Personal information
- Born: 9 January 1987 (age 39)

Chess career
- Country: Vietnam
- Title: Woman Grandmaster (2006)
- Peak rating: 2410 (October 2017)

= Hoàng Thị Bảo Trâm =

Vietnamese chess player (born 1987)

Hoàng Thị Bảo Trâm (born 9 January 1987) is a Vietnamese chess player and Woman Grandmaster. She is a two-time Vietnamese Women's Chess Championship winner (2011, 2018), Women's Asian Team Chess Championship team gold winner (2005), and two-time World Women's Team Chess Championships individual medalist (2011, 2017).

==Biography==
Hoàng Thị Bảo Trâm won Vietnamese Women's Chess Championship in 2011 and in 2018.

Hoàng Thị Bảo Trâm played for Vietnam in the Women's Chess Olympiads:
- In 2006, at second board in the 37th Chess Olympiad (women) in Turin (+5, =4, -2),
- In 2008, at fourth board in the 38th Chess Olympiad (women) in Dresden (+4, =0, -4),
- In 2010, at first board in the 39th Chess Olympiad (women) in Khanty-Mansiysk (+3, =2, -4),
- In 2014, at third board in the 41st Chess Olympiad (women) in Tromsø (+4, =2, -3),
- In 2016, at second board in the 42nd Chess Olympiad (women) in Baku (+4, =3, -4),
- In 2018, at third board in the 43rd Chess Olympiad (women) in Batumi (+3, =2, -2).

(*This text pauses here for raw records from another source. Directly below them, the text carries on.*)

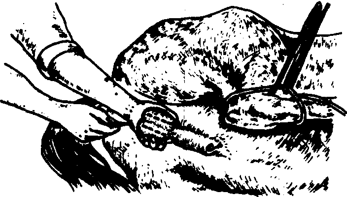 图2 固定睾丸的方法(虚线为切口位置) 以上为基本手术方法。还可根据实际情况, 采取不同措施。在刮挫精索时,用冷水冲洗阴囊腔及精索,以防止出血者, 称水骟法(刮挫法)。术中把精索拉到一定长度时, 用烙铁烙断精索者, 称火骟法。术中用夹板夹在精索的基部固定, 在夹板上放置腐蚀药物以达到腐蚀目的者, 称药骟法。 还有扎骟法, 是在阴囊颈部,先以毫针针刺精索,再用特制的夹骟棒, 从阴囊颈夹住精索。16个小时左右, 除去夹骟棒, 阴囊睾丸肿胀逐渐脱落。 |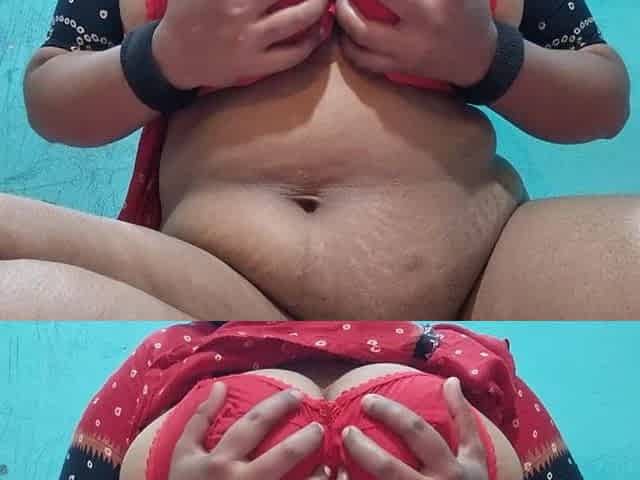 With Using Pink Dildo in Red Silk Night Dress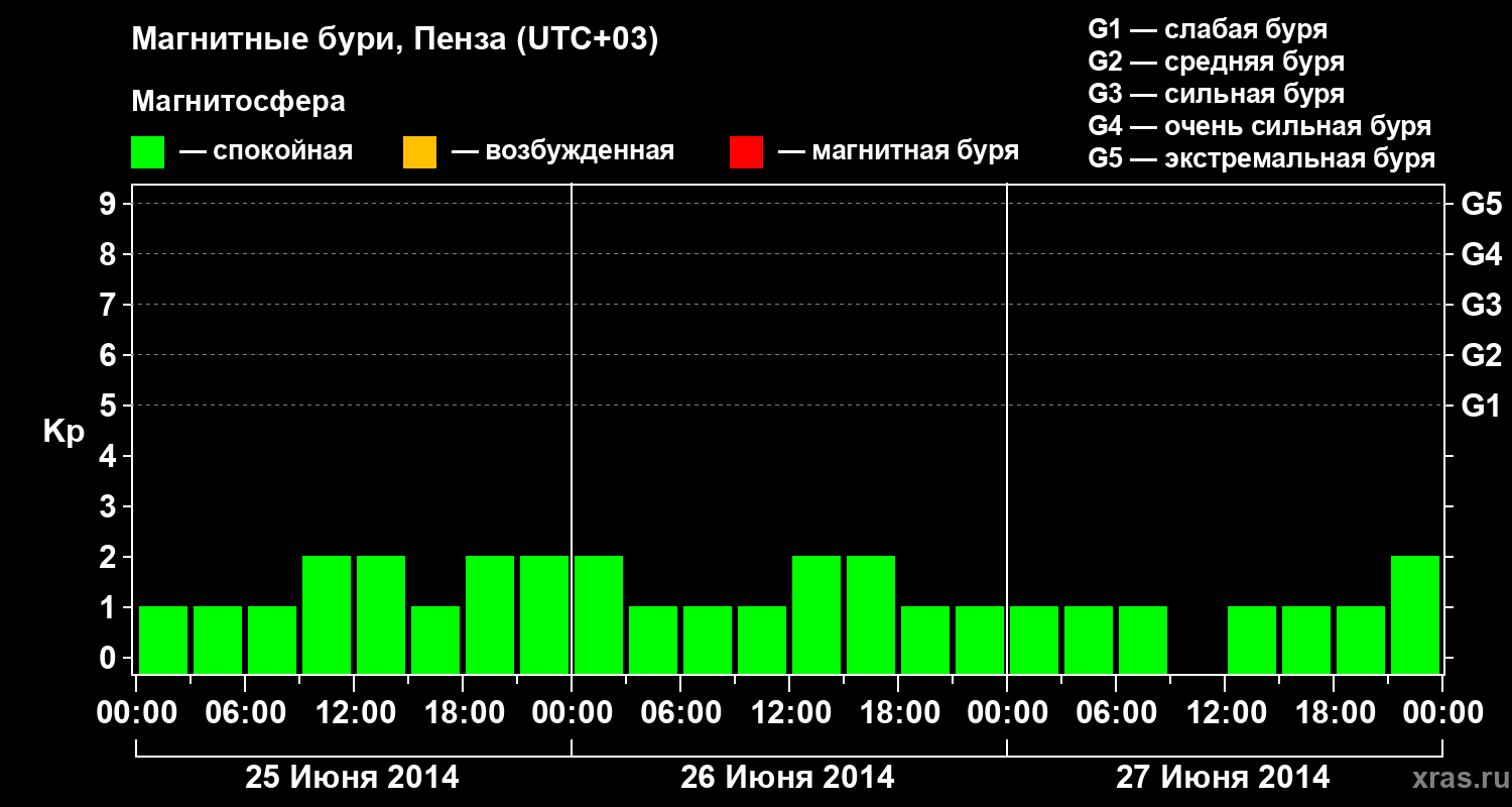 Изменения геомагнитного индекса Kp с 25 по 27 июня 2014 года для средних широт

Hoàng Thị Bảo Trâm played for Vietnam in the World Women's Team Chess Championships:
- In 2007, at third board in the 1st Women's World Team Chess Championship in Yekaterinburg (+1, =3, -3),
- In 2009, at first board in the 2nd Women's World Team Chess Championship in Ningbo (+1, =5, -3),
- In 2011, at second board in the 3rd Women's World Team Chess Championship in Mardin (+4, =2, -2) and won individual bronze medal,
- In 2017, at second board in the 5th Women's World Team Chess Championship in Khanty-Mansiysk (+3, =4, -0) and won individual gold medal.

Hoàng Thị Bảo Trâm played for Vietnam in the Women's Asian Team Chess Championships:
- In 2005, at first reserve board in the 4th Asian Team Chess Championship (women) in Isfahan (+3, =2, -0) and won team and individual gold medals,
- In 2008, at first reserve board in the 5th Asian Team Chess Championship (women) in Visakhapatnam (+2, =2, -0) and won team bronze and individual silver medals,
- In 2014, at second board in the 8th Asian Women's Nations Chess Cup in Tabriz (+2, =2, -1) and won individual bronze medal,
- In 2016, at second board in the 9th Asian Women's Nations Chess Cup in Abu Dhabi (+4, =1, -2) and won individual bronze medal.

Hoàng Thị Bảo Trâm played for Vietnam in the Asian Games:
- In 2010, at first board in the 16th Asian Games (chess - women) in Guangzhou (+0, =4, -4) and won team bronze medal.

Hoàng Thị Bảo Trâm played for Vietnam in the Asian Indoor Games:
- In 2009, at first women board in the 3rd Asian Indoor Chess Games in Hanoi (+4, =4, -2) and won team silver medal.

In 2005, she was awarded the FIDE Woman International Master (WIM) title and received the FIDE Woman Grandmaster (WGM) title a year later.